PaO2 is only an indirect indicator of CaO2. Accordingly, it gives limited insight into convective DO2. Capillary PO2 is the driving pressure for O2 to diffuse into the cells (Fig. 3), and results from an interplay of PaO2, convective DO2, oxygen consumption and shifts in the oxygen dissociation curve [44, 51,52,53]. In other words, even a normal (or near normal) PaO2 does not automatically guarantee sufficient diffusive DO2 when tissue perfusion is reduced (stagnant hypoxia), or with anemia (anemic hypoxia) and when the mitochondria are unable to make use of oxygen (histotoxic hypoxia) [52,53,54,55,56,57,58].

Intubation criteria based on PaO2/FiO2 thresholds

In hypoxemic patients investigators recommend intubation when the arterial-to-inspired oxygen (PaO2/FiO2) ratio is less than 200 [12, 59], 100 [18], or 85 [60].

Drawbacks of using the PaO2/FiO2 ratio

Accurate recordings of PaO2 are easily obtainable. In contrast, the variable entrainment of ambient air during oxygen supplementation in most non-intubated patients makes it impossible to know with certainty the FiO2 reaching the trachea [61, 62]. For instance, a high-flow oxygen system through nasal cannula set at a flow of 50 L·min− 1 and an FiO2 of 60% generates an FiO2 anywhere between 35% and 60% [62] – the result is an underestimation of the true PaO2/FiO2 ratio. Such underestimation may induce intensivists to intubate patients who are not hypoxemic. The confounding factor of ambient air entrainment is underscored by the observation that placement of a surgical mask in patients receiving high-flow oxygen through nasal cannula increased PaO2 an average of 20 mm Hg [63].

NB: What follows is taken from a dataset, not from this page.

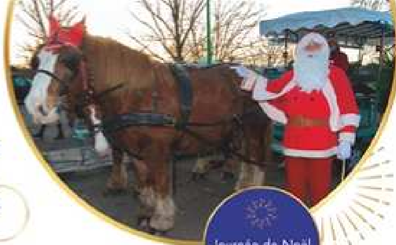
Journée de Noël le 12 décembre

Another drawback of the PaO2/FiO2 ratio stems from the curvilinear relationship between PaO2 and FiO2 that varies with the degree of ventilation–perfusion inequality and shunt [64, 65]. For instance, in patients with ARDS and a fixed shunt, alterations in FiO2 caused PaO2/FiO2 to fluctuate unpredictably by greater than 100 mmHg [66]. In patients who fulfil all ARDS criteria, administration of 100% oxygen for 30 min caused PaO2/FiO2 to increase such that 58.5% were no longer categorized as ARDS [67].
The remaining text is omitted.